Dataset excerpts
# # #

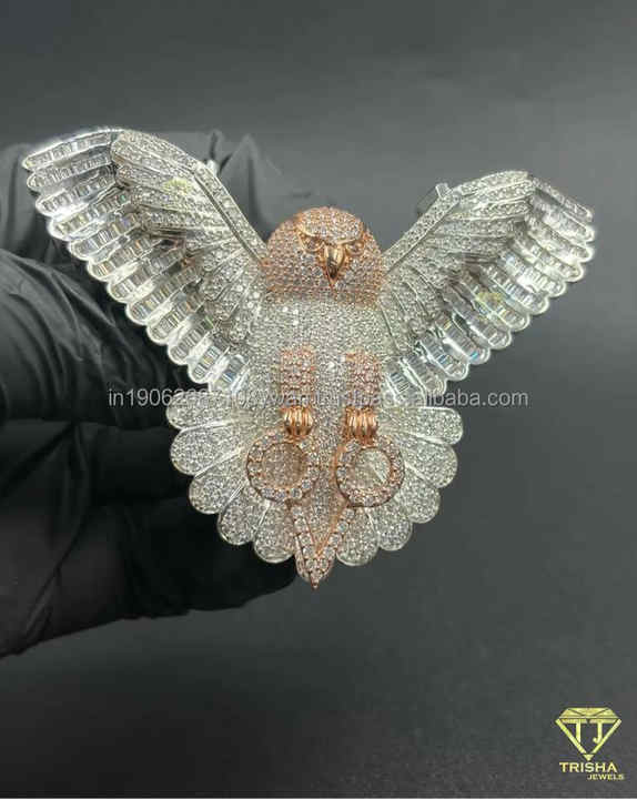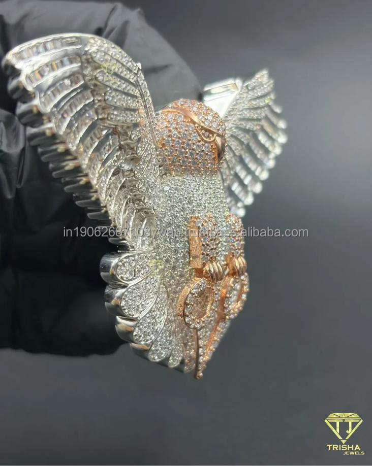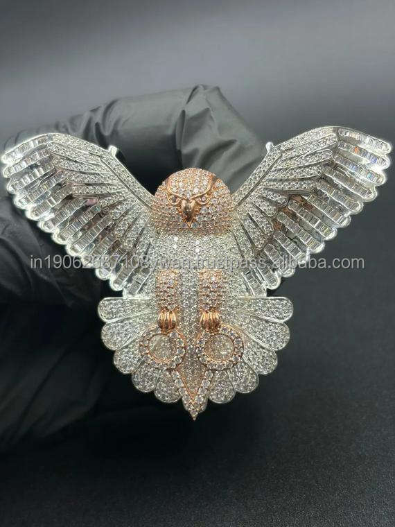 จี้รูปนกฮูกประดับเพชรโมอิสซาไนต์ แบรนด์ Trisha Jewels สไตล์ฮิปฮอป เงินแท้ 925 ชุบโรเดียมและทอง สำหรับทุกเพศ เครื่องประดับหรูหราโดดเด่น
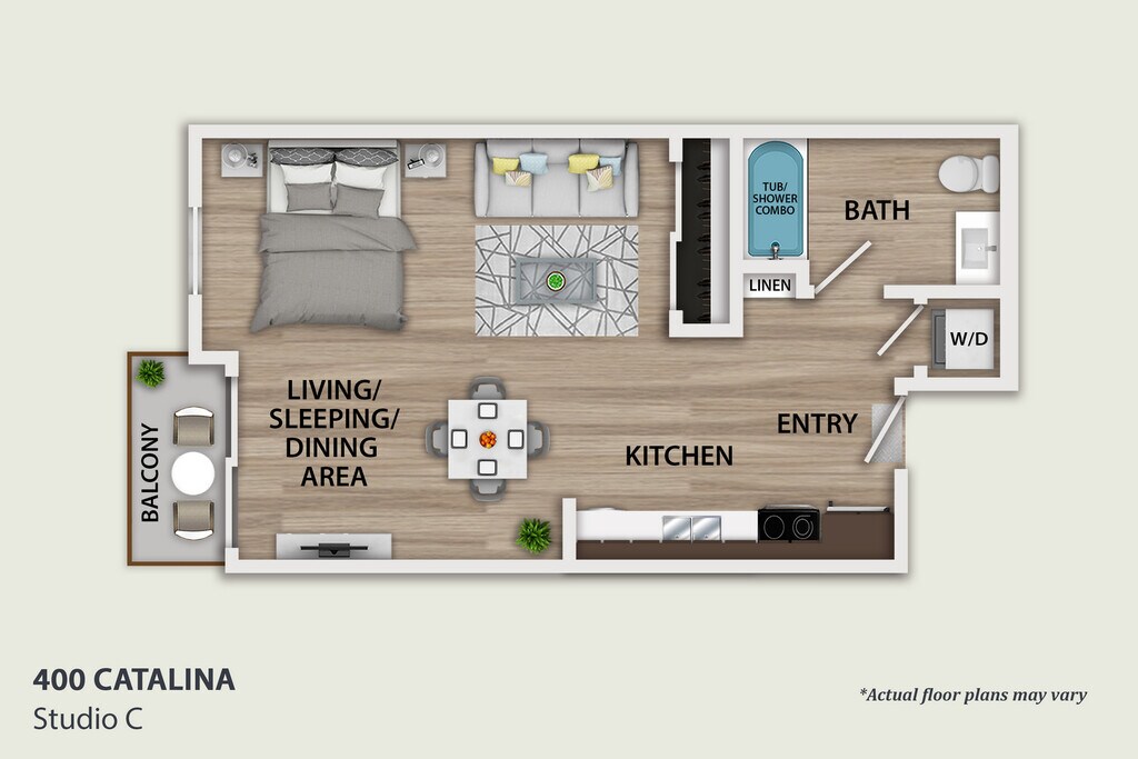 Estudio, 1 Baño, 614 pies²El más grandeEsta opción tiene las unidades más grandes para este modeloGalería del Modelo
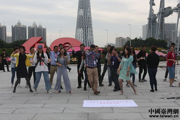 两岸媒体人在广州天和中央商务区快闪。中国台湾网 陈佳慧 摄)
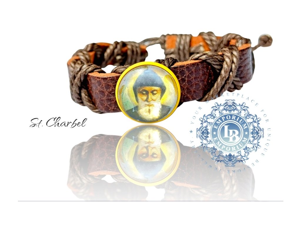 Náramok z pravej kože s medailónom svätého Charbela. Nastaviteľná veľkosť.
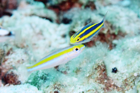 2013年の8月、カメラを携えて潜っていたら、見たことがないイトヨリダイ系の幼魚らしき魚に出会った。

# # #

- _Exercise_: Do not include pictures. Copy only the lines running from the line with "两岸媒体人在广州天和中央商务区快闪。中国台湾网 陈佳慧 摄)" through the last line of the records, exactly as they appear.

- _Solved exercise_:
 两岸媒体人在广州天和中央商务区快闪。中国台湾网 陈佳慧 摄)
 Náramok z pravej kože s medailónom svätého Charbela. Nastaviteľná veľkosť.
 2013年の8月、カメラを携えて潜っていたら、見たことがないイトヨリダイ系の幼魚らしき魚に出会った。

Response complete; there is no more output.